After working in advertising for 15 years, Gerald Gladstone (1929–2005) decided to devote himself full-time to art. Although he had no formal art education, he had a major career that included a number of solo and group exhibitions. He is best known, however, for his numerous public art projects. For example, in 1972, he produced the fountain-sculpture Female Landscape, installed in the esplanade of Place Ville-Marie, in Montréal. Four years later, he created Universal Man, a 6.5-metre tall bronze sculpture, for the CN Tower in Toronto.
Artwork description
The artwork is situated at the entrance to La Ronde, on St. Helen’s Island. It is a fountain-sculpture composed of 31 reinforced concrete sails and a central support, as well as 48 rudders, also made of reinforced concrete and placed around the circumference of the central part. The sails and rudders are set vertically and on various inclines. They all converge toward the centre, where a water jet flows. The upper part of the work is formed of oblique shapes resembling leaves and pointing in different directions.

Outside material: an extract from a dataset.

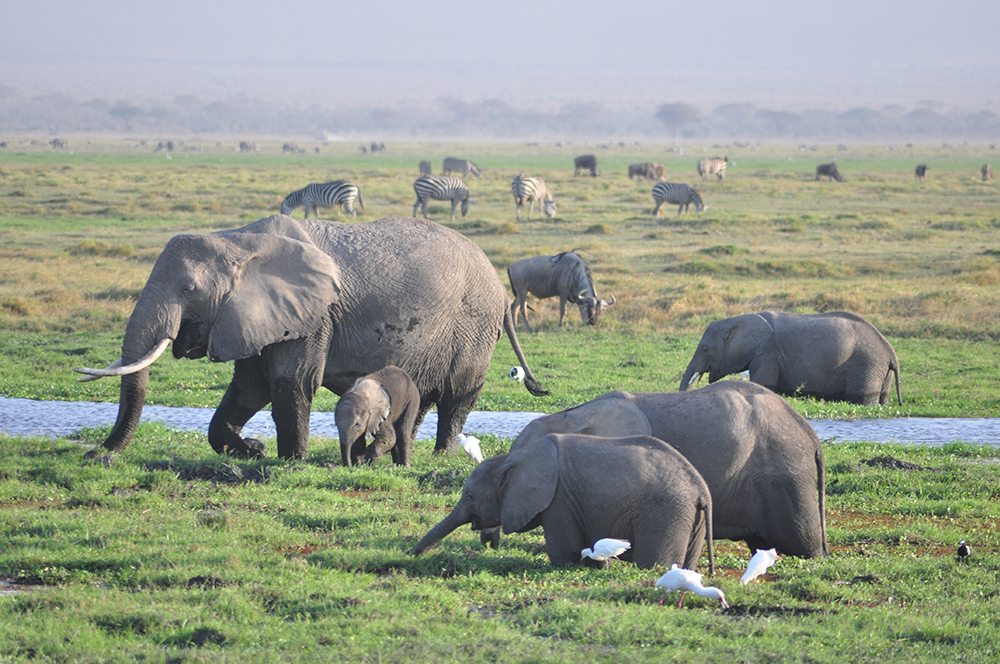 如今在肯尼亞,大象已經受到最為嚴格的保護,安博塞利國家公園就是一座野生草原象的保護地。圖為野生大象家園里的大象。李仁奇 攝

The use and arrangement of ovoid forms, comparable to that of leaves and petals, earned this artwork the nickname Artichoke, although it is not related in anyway to the plant or organic world. In the artist’s view, it represents the elliptical curve described by Earth in its orbit around the Sun. This curve is here multiplied and “solidified” in a symbolic representation of our terrestrial world.
“Art is the giving of concrete form to what we feel and understand about the universe, as individuals and a society. The shapes thus created symbolically convey the abstract or complex realities that are revealed to us by, among other things, science.”